> [STORED DATA]
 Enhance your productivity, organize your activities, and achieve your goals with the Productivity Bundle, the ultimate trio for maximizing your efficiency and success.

...

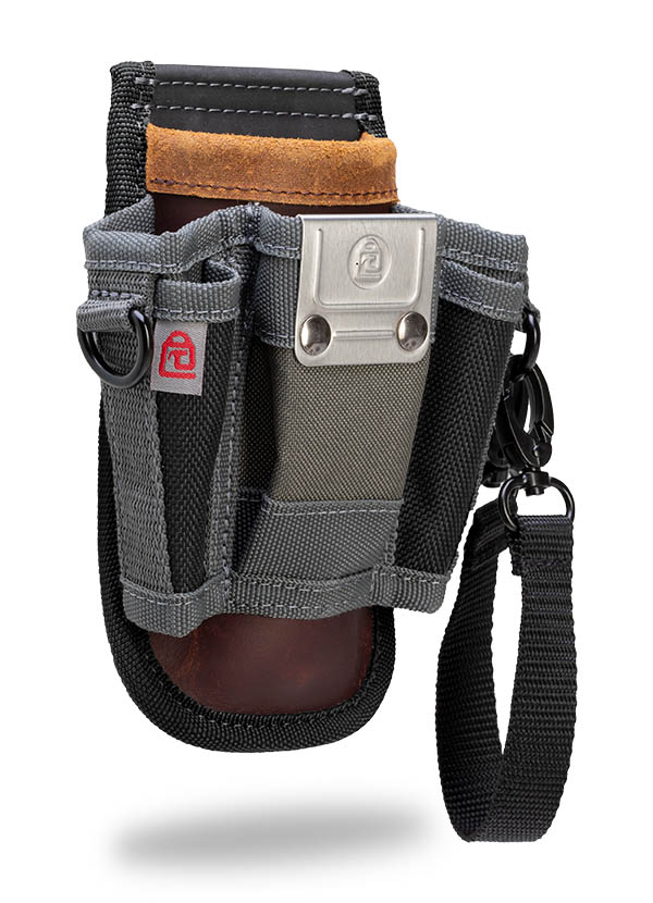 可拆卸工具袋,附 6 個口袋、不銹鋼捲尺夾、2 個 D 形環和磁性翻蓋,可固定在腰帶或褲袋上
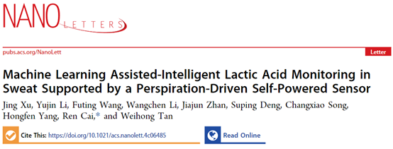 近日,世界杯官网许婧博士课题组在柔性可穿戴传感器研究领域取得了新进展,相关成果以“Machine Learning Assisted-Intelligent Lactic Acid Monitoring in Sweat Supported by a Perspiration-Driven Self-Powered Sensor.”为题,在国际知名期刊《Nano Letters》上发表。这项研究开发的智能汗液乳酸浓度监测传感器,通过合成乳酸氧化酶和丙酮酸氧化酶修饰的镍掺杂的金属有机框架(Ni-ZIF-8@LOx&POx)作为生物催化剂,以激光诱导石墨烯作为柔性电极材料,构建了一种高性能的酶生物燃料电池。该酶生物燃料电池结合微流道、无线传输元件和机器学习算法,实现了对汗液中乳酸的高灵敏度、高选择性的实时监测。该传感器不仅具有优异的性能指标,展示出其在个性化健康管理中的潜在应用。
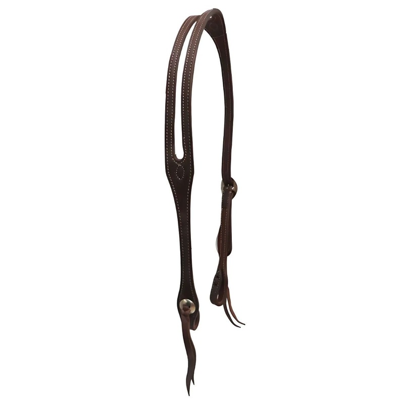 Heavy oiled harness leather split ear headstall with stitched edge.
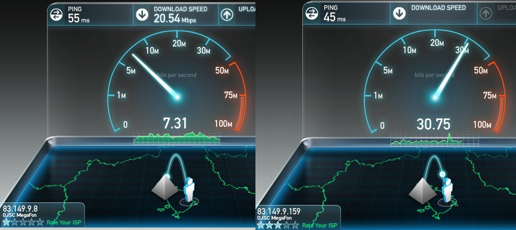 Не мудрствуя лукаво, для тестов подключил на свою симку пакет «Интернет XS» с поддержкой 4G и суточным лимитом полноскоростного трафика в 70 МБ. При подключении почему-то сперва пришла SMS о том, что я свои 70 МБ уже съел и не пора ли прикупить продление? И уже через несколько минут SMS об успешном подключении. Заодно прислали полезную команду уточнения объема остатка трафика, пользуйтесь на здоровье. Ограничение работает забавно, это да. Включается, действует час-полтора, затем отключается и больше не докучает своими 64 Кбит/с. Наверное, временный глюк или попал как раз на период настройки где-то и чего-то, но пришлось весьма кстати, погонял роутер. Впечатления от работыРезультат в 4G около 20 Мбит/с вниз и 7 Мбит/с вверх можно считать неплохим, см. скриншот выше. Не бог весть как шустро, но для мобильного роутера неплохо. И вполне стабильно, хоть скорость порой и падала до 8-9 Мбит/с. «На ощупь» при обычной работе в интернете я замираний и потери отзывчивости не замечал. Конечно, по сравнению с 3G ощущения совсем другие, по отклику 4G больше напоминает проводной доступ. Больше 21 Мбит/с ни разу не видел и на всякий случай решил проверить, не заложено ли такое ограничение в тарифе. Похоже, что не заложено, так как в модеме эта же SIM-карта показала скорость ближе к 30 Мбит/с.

> [EXERCISE]
Reproduce, exactly and only, the lines of the records above starting at the line with "Heavy oiled harness" and ending at the line with "Не мудрствуя лукаво, для", both included. Leave every picture out.

> [ANSWER FOR THIS EXERCISE]
 Heavy oiled harness leather split ear headstall with stitched edge.
 Не мудрствуя лукаво, для тестов подключил на свою симку пакет «Интернет XS» с поддержкой 4G и суточным лимитом полноскоростного трафика в 70 МБ. При подключении почему-то сперва пришла SMS о том, что я свои 70 МБ уже съел и не пора ли прикупить продление? И уже через несколько минут SMS об успешном подключении. Заодно прислали полезную команду уточнения объема остатка трафика, пользуйтесь на здоровье. Ограничение работает забавно, это да. Включается, действует час-полтора, затем отключается и больше не докучает своими 64 Кбит/с. Наверное, временный глюк или попал как раз на период настройки где-то и чего-то, но пришлось весьма кстати, погонял роутер. Впечатления от работыРезультат в 4G около 20 Мбит/с вниз и 7 Мбит/с вверх можно считать неплохим, см. скриншот выше. Не бог весть как шустро, но для мобильного роутера неплохо. И вполне стабильно, хоть скорость порой и падала до 8-9 Мбит/с. «На ощупь» при обычной работе в интернете я замираний и потери отзывчивости не замечал. Конечно, по сравнению с 3G ощущения совсем другие, по отклику 4G больше напоминает проводной доступ. Больше 21 Мбит/с ни разу не видел и на всякий случай решил проверить, не заложено ли такое ограничение в тарифе. Похоже, что не заложено, так как в модеме эта же SIM-карта показала скорость ближе к 30 Мбит/с.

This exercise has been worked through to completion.